Back at Maryann’s, the party is getting even crazier. Tara and Eggs are getting all up in each other’s business in the hot tub, when a topless girl jumps in and announces that she is a massage therapist. Eggs starts getting a massage, and Tara starts to notice how weird the party is getting, between the lap dances and the fat guy with the tiny dick running around naked. Tara gets out of the hot tub and runs inside, where Eggs tries to apologize, but Tara simply says that there can be no “us” if he’s into this whole group sex thing. What a fucking prude, am I right, fellas?
The character I most relate to on this show is Naked Girl Chugging Wine
As Sam is packing up to leave, a dog starts barking at him, so he rips off his shirt and goes running off into the woods with it. I assume he’s going to morph into a dog, but with how many weird sexual fetishes everyone has on this show, I’m worried he could be doing other naked things with that poor animal.
Well, fear not, because he does turn into a dog, and dives into a lake before changing back into a human.
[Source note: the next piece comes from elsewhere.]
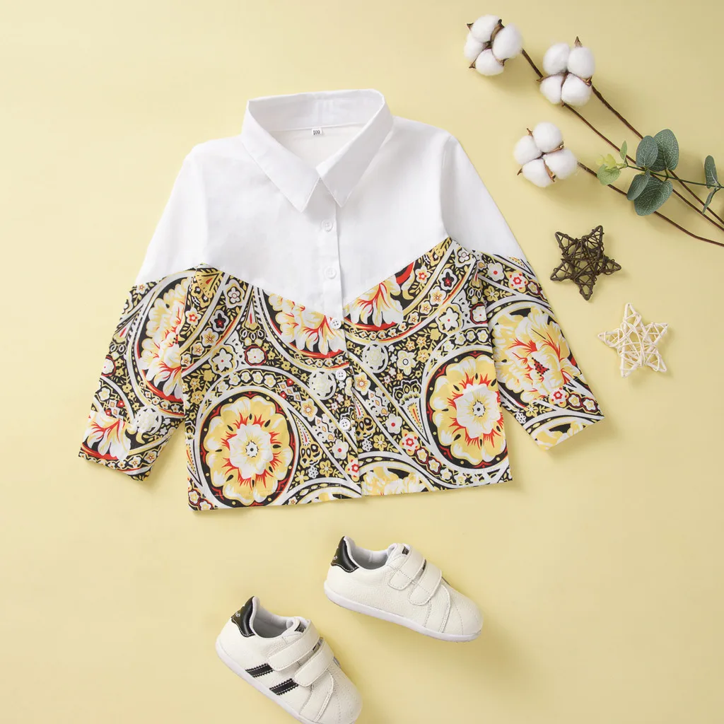 Детские рубашки для мальчиков, новая модная рубашка с длинными рукавами и цветочным принтом для маленьких мальчиков, рубашка на пуговицах, блузка для детей 2020

He tries to urge the dog to jump in after him, but it just runs away. Daphne then approaches the dock, and starts flirting with him, which seems really out of character. When she decides to join him in the lake and takes off her shirt, we see that her back is scarred by three claw marks, much like the ones Sookie got from the minotaur. My notes sum up my reaction to this shocking cliffhanger: “Gets naked – OH MY GOD SHE HAS THE SCRATCHES ON HER BACK”.
Daphne does her best Passion of the Christ impression.
Were you as shocked at me at this ending, or am I just an idiot? What the hell do you think is going on with this “bull-man?” (If you’ve read the books, no spoilers!) And if you know of any parties like Maryann’s, will you please let me come with you?